What Are Delta Lakes and Delta Tables?
A Delta Lake is an open-source storage layer that brings ACID transactions, schema enforcement, and time travel (data versioning) to data lakes. It enables data lakes to behave more like traditional databases in terms of reliability and consistency.
A Delta Table is a table stored in the Delta Lake format. These tables:
- Store data in optimized Parquet files - Maintain a transaction log (“_delta_log”) to track changes
- Support operations like
MERGE
,UPDATE
,DELETE
, andTIME TRAVEL
Delta Tables are the foundation for both Delta Live Tables (DLT) and Delta Sharing workflows, making them integral to reliable, scalable data architectures.
What is Delta Sharing?
Delta Sharing is the first open-source protocol for secure data sharing, designed to enable organizations to share live, ready-to-query data from their data lakes with external parties in real time, without copying or moving the data. It supports a wide range of tools and platforms and can be used across cloud providers.
Why Delta Sharing Matters
Modern organizations increasingly operate in multi-cloud environments and collaborate with partners, vendors, and regulators who use diverse tools and platforms. Delta Sharing solves the fundamental pain point of interoperability by providing:
- Open and vendor-neutral access to Delta Lake tables
- Secure and scalable sharing without duplicating data
- Live data access for always up-to-date insights
- Compatibility with diverse clients like Pandas, Spark, BI tools, and more
How Delta Sharing Works
Delta Sharing introduces a simple architecture:
- Data Providers expose selected Delta tables through a Delta Sharing server (either open-source or managed by Databricks).

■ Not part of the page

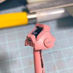 0 2 頭横のコックピットハッチが 型抜きの都合上なんかな?歪んでるので これも削り飛ばしてコトブキヤのネジモールドに交換 今回のサーフェイサーはピンクを使ってみまーす #HGUC #リックディアス #ガンプラ 20/03/29 18:09
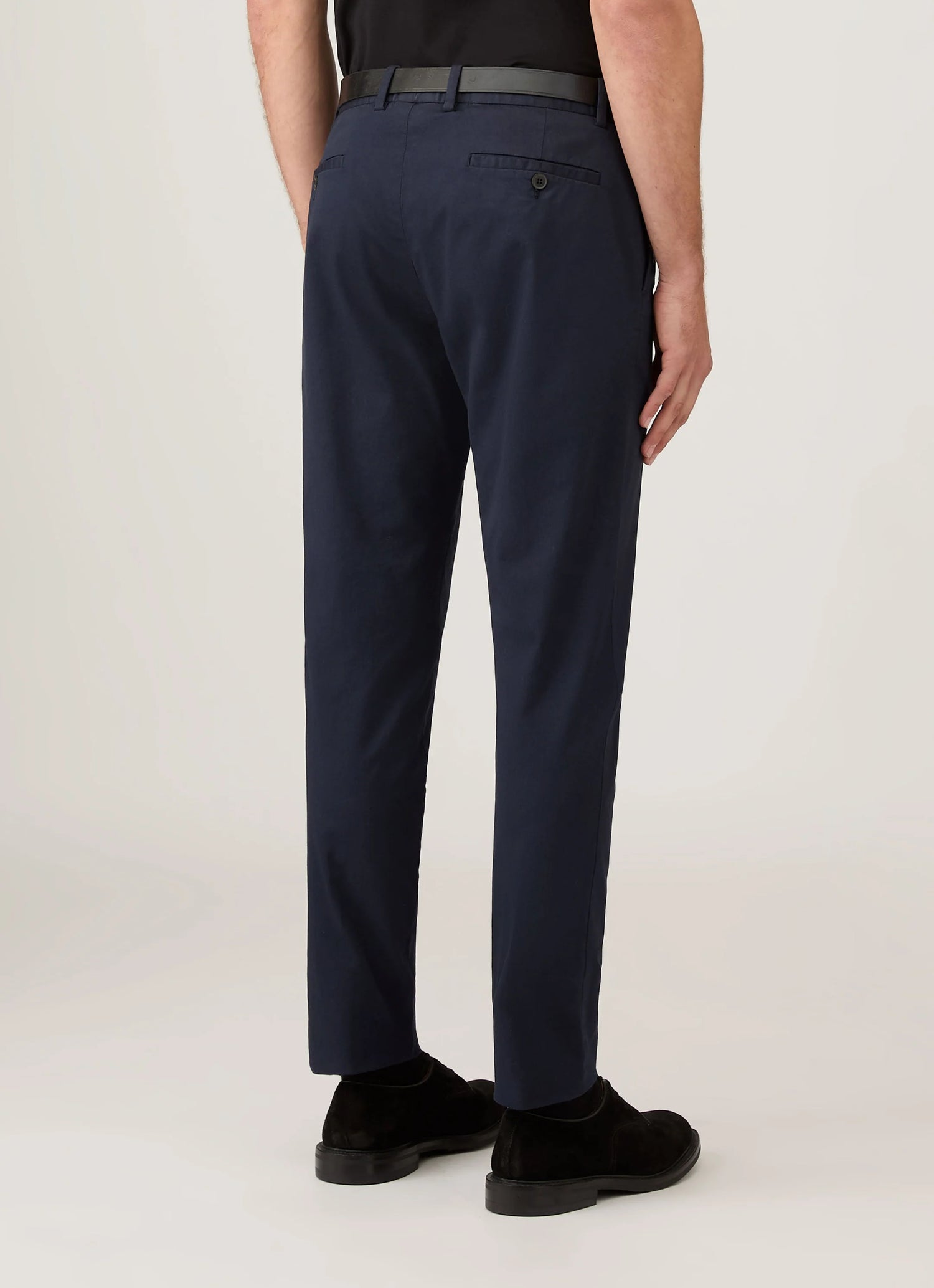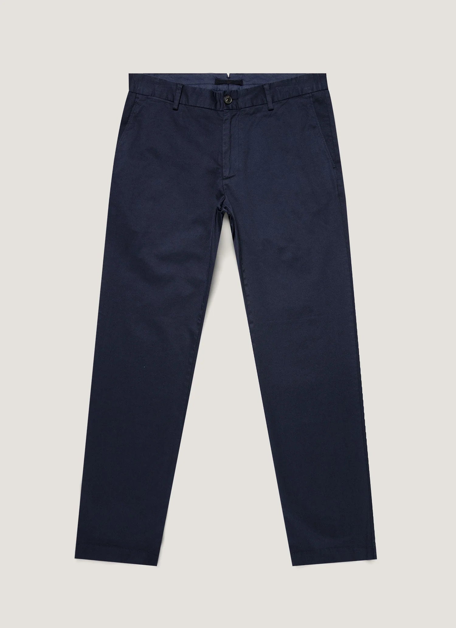 A slim-fit chino with a mid-to-low rise and a classic flat-front design. Crafted from lightweight Italian cotton with a touch of stretch for added comfort, and garment-dyed for a soft, casual feel. Finished with a tailored waistband, button closure, zip fly, and single welt back pockets.

- Recipients receive a secure sharing link or token to access the data.
- Clients such as Python, Spark, or BI tools can connect using this link and read the data live without needing Databricks accounts.
Delta Sharing vs. Other Sharing Methods
Traditional data sharing often relies on:
- Exporting files to S3, Azure Blob, or FTP
- Sharing static snapshots in CSV or Parquet
- Replicating databases across environments
Delta Sharing eliminates the need for these steps by allowing direct, governed access to the source Delta tables.

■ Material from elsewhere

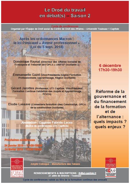 "Réforme de la gouvernance et du financement de la formation et de l'alternance: quels impacts? quels enjeux?", Conférence du CDA - équipe Droit social

Delta Sharing vs. Federated Architecture
Both Delta Sharing and federated data architectures aim to enable cross-system data access without centralizing data, but they take different approaches:
- Federated SQL Access allows querying external databases from within a central analytics platform without moving the data. It’s about consuming data from other systems.
- Delta Sharing, on the other hand, is about exposing and sharing your Delta Lake data with others securely and in real time.
Key Differences:
- Direction: Federated = inward (pull data in); Delta Sharing = outward (share data out)

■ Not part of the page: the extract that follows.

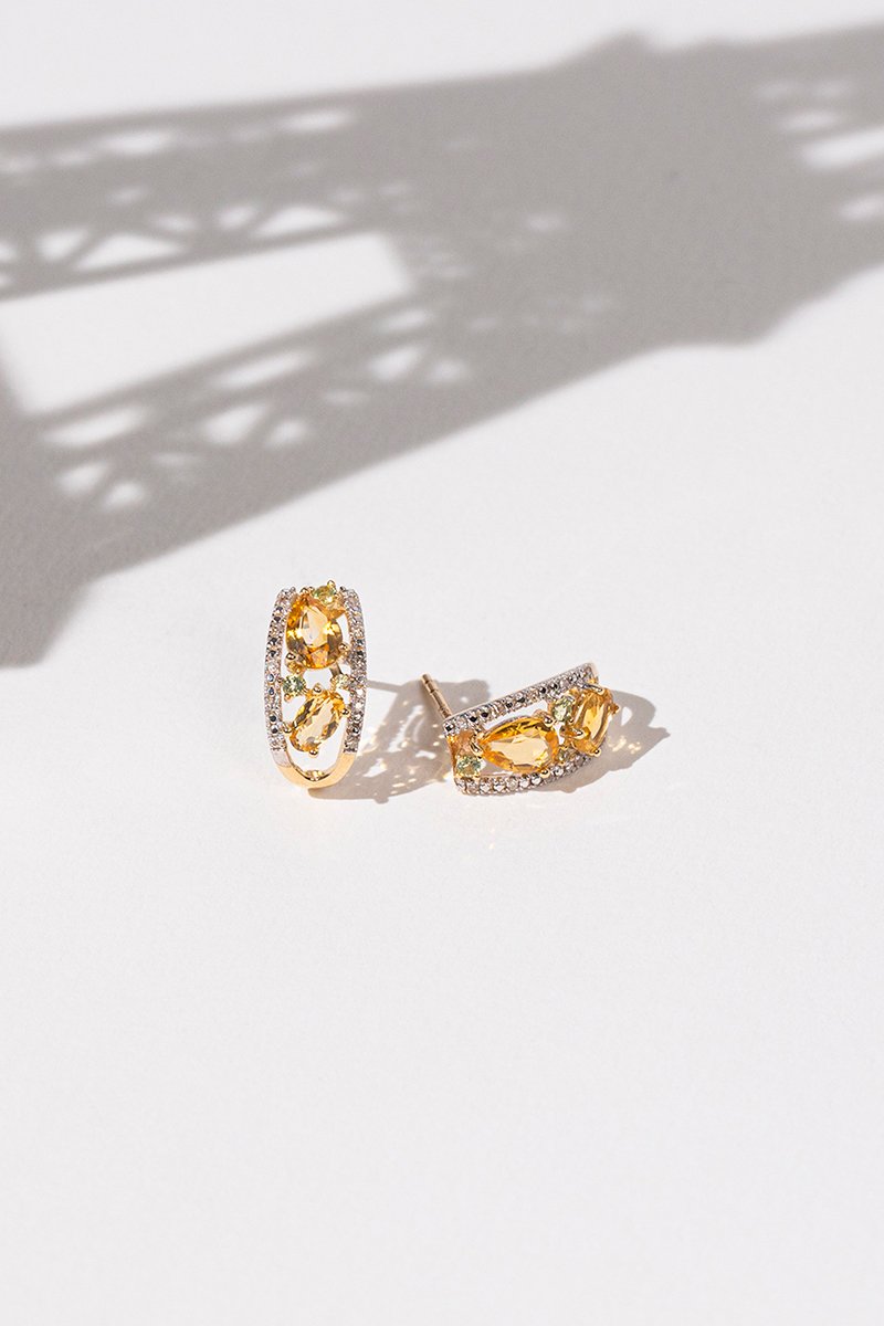 Orecchini in oro giallo con 3 peridoti, 2 citrini e 10 diamanti.

- Technology: Federated access often involves connectors, live queries, and joins across systems; Delta Sharing is optimized for sharing Delta Lake tables as immutable views.
- Use Cases: Federated for unified analytics across systems; Delta Sharing for open, governed data distribution.
What Powers Federated SQL Access?
Federated SQL access is made possible through:
- SQL Connectors and JDBC/ODBC Drivers: These provide the ability to connect to remote data sources like MySQL, PostgreSQL, Snowflake, BigQuery, etc.
- Query Pushdown: Only the necessary part of a query is executed remotely, and the results are returned, minimizing data movement.
- Databricks Connectors: Databricks uses its own native connectors to support federated access to external data sources.
- Data Governance and Access Control: Integrated with tools like Unity Catalog to ensure secure and compliant data access.
This architecture allows data engineers and analysts to query data across systems as if it were local, making data integration and analysis faster and more efficient.
In practice, many organizations use both together — ingest data via federated access, transform it, then distribute it using Delta Sharing.
Real-World Use Cases
- A retail company shares sales and inventory data with suppliers to optimize stock.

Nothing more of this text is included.